SAVING CAPITALISM….Daniel Gross has written a new book praising bubbles (i.e., the dotcom kind, not the soapy kind), and apparently he argues that the 1920s stock bubble was a good thing because it helped pave the way for the New Deal. James Joyner is puzzled:
It would be hard to conceive sparking the New Deal, aka the socialization of the American economy, as a sign of market forces working. Otherwise, the argument (as summarized) strikes me as quite plausible.

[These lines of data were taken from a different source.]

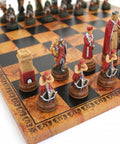 Medieval Camelot Chess Set: Hand-Painted Resin & Faux Leather Board, Italy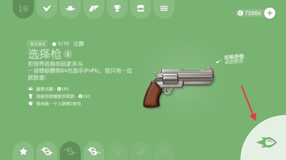 2、选择左轮手枪后,点击右下角箭头开始比赛,参与64人对决,赢取金币与排名奖励。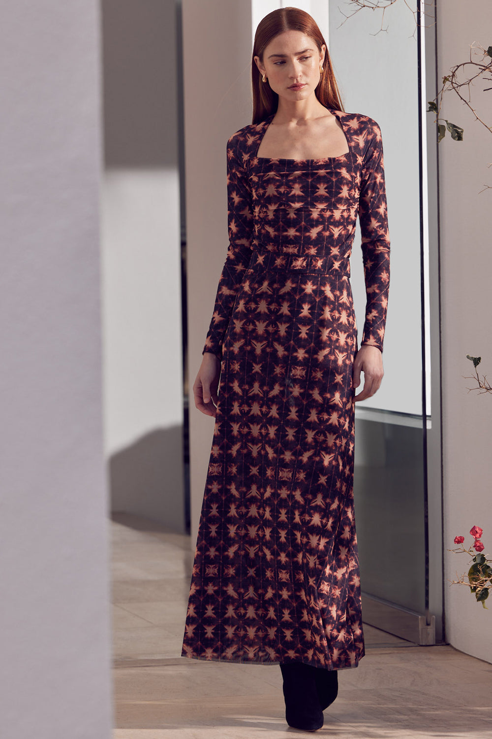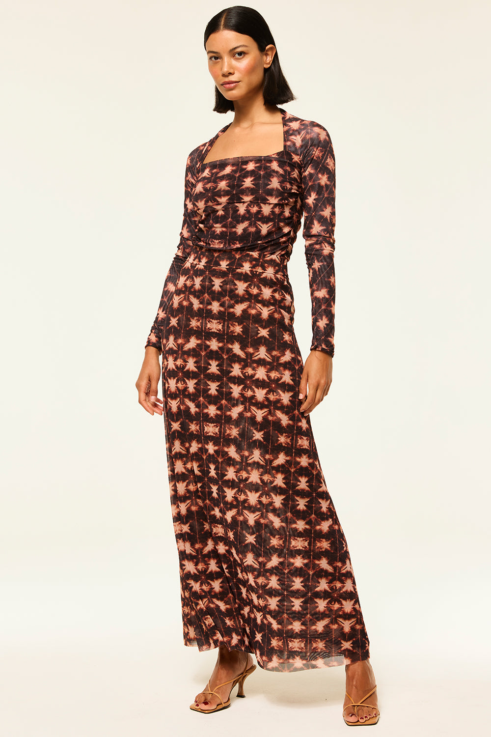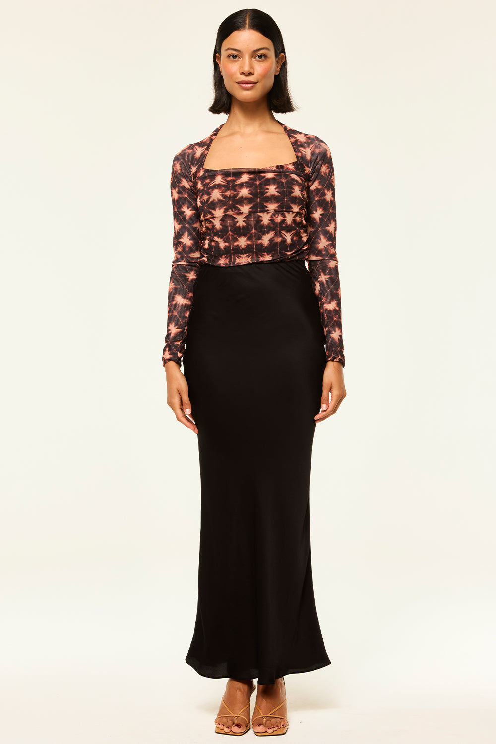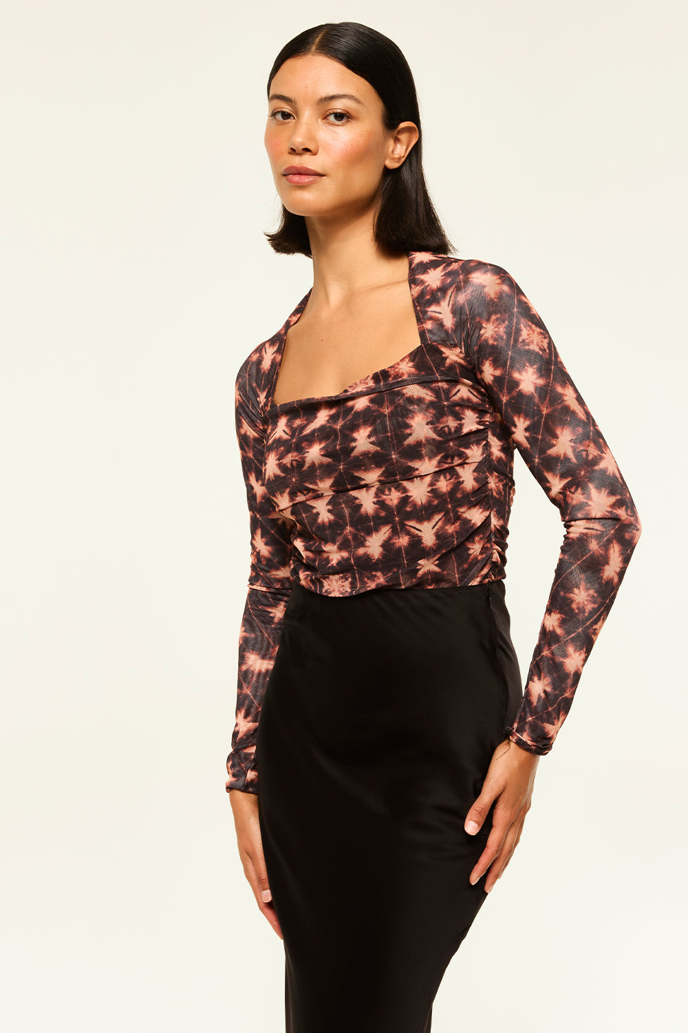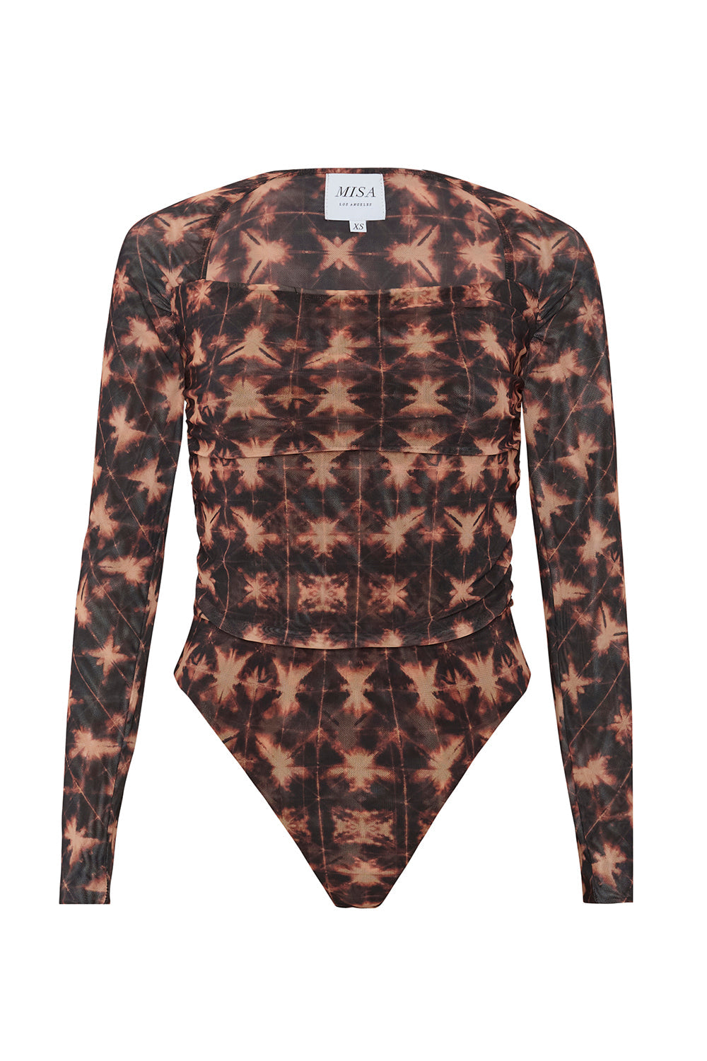 Our newest Hayworth bodysuit is back for fall in a gorgeous Angel Glow tie-dye print. Long sleeves and a flattering square neckline show off your collarbone and ruched stretch mesh hugs and flatters your curves. A snap-button bottom closure and thong back. Pair with your favorite pair of jeans or with our Sierra skirt in black. For a standout look wear with the coordinating Ekat skirt.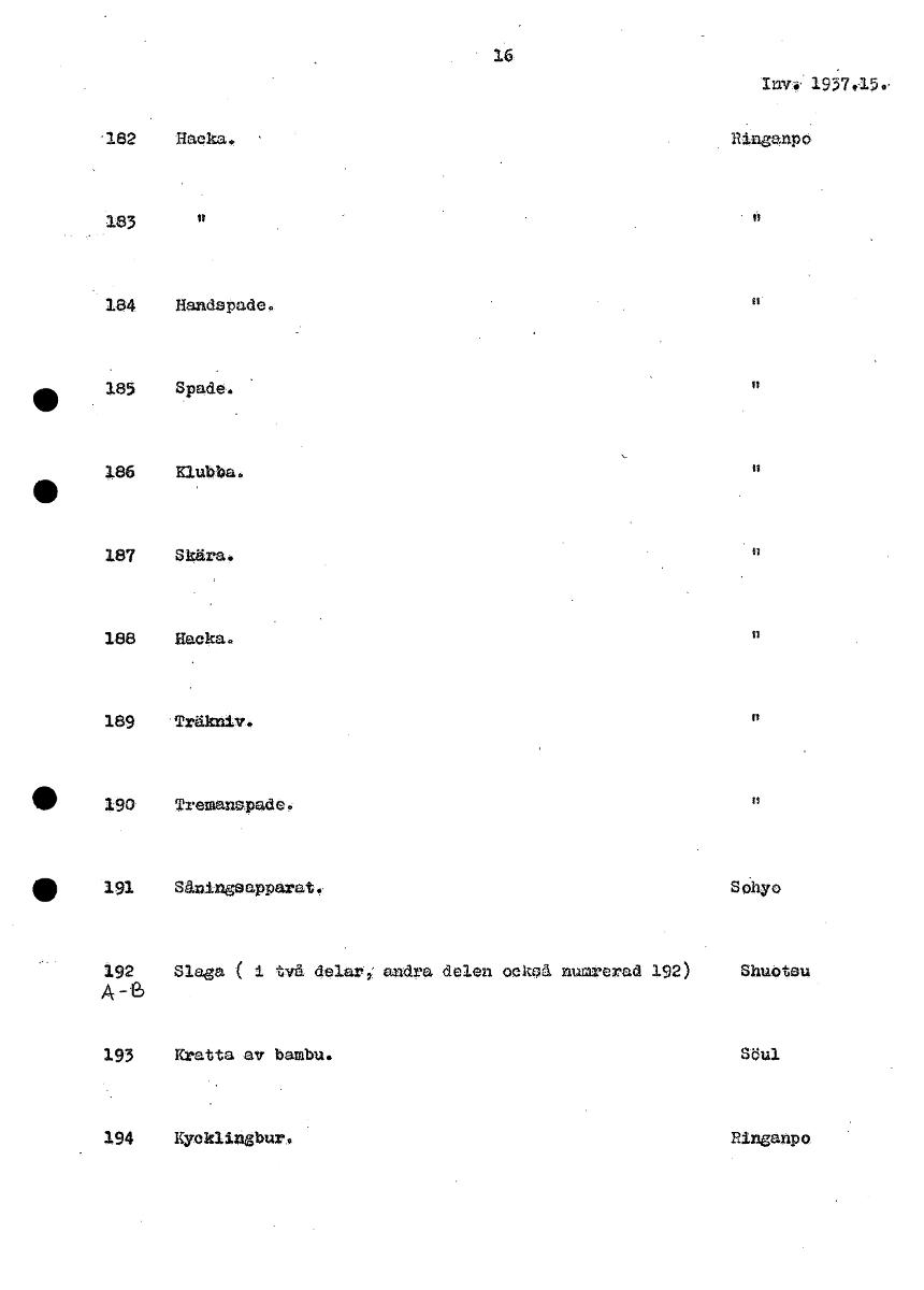 16 Lav:- 1937,15,, 182 H c llingarIP 183 184 Handepade. 185 Spade, 186 Klubba 187 Skära 188 Hacka, 189 Trifitniv, tt 411 190 Tremanapade, • 191 Sdningeapparat, sohyo 192 Slaga ( i två delar,' andra delen också noterad 192) Shuoten 193 Kratta av bamba. Sd u 1 194 Kyok1ingbar, RItganpo [ocr]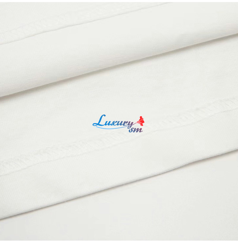 장식한 화이트 코튼 저지 티셔츠를 선보임.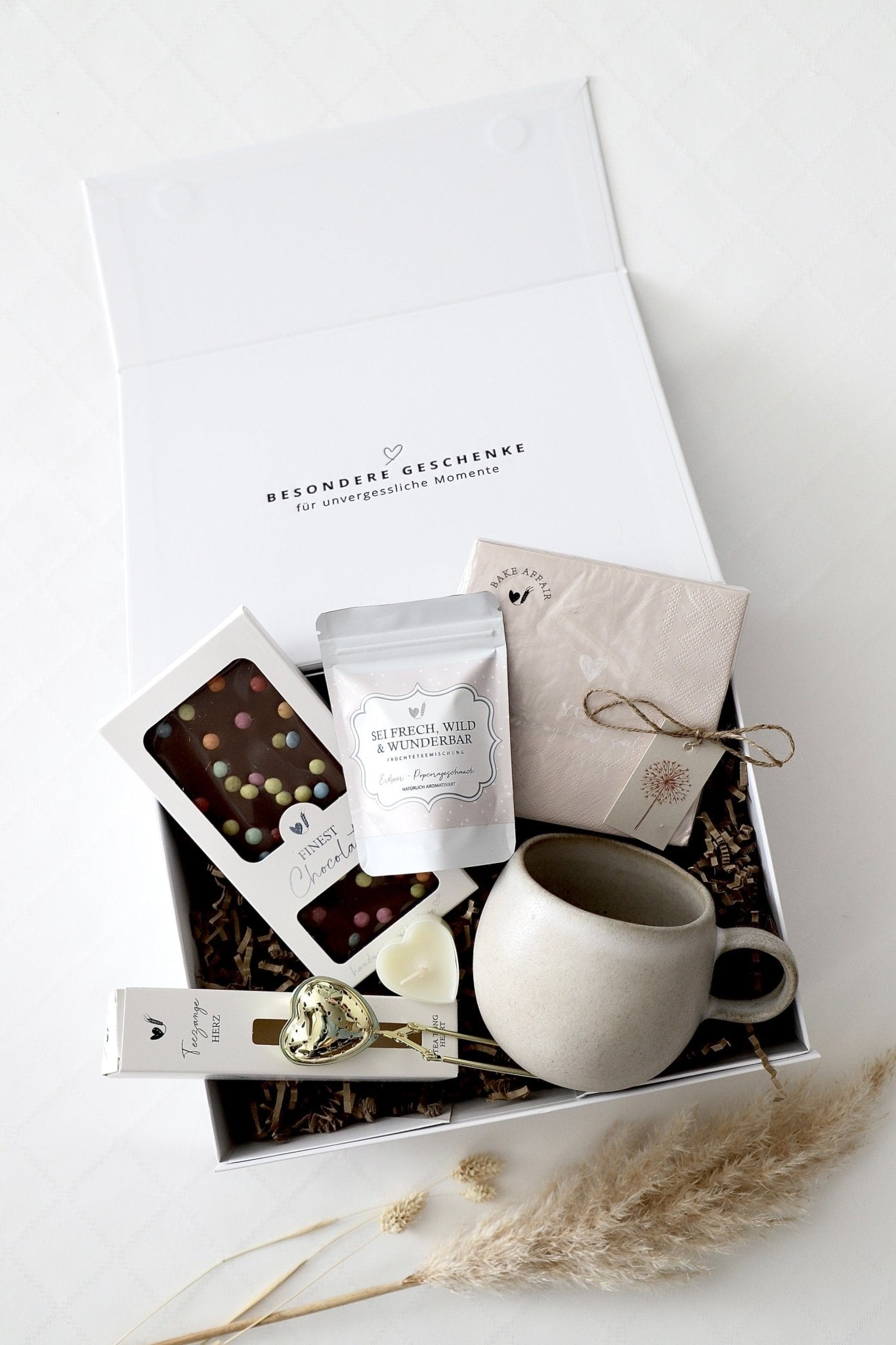 Die „Choco Tea Delight“-Box ist die perfekte Kombination aus Teegenuss und süsser Versuchung. Feiner Tee trifft auf eine edle Schokolade und liebevolle Details, die jede Teepause zu einem besonderen Erlebnis machen. Mit stilvoller Tasse, goldenem Herz-Teesieb und Kerzenlicht wird aus einem einfachen Moment eine kleine Auszeit voller Genuss. Ideal für Schokoladenliebhaber, Teefans und alle, die sich selbst oder andere verwöhnen möchten.

Well, “good for the economy” isn’t necessarily the same thing as “market forces working” — not universally, anyway. But in any case, what’s so hard to believe? Modern economies have a hard time operating efficiently without a fair amount of regulation, and the New Deal provided exactly that: the SEC to ensure transparency in financial markets, the FDIC to restore trust in the banking system, unemployment insurance and a minimum wage to provide at least a minimal buy-in to capitalism from the working class, and much else. The New Deal may have had its overreaches, but 70 years later I think everyone not to Tom DeLay’s right agrees that moderately regulated capitalism works better than unregulated capitalism, and that framework was what the New Deal provided.
In other words: yes, the overall result of the New Deal really was to strengthen markets, not weaken them. After all, Bill Gates is richer than John D. Rockefeller ever was, and the worst recession we’ve had since World War II would be considered a mere inconvenience by our great-grandfathers. Seems like markets work pretty well these days.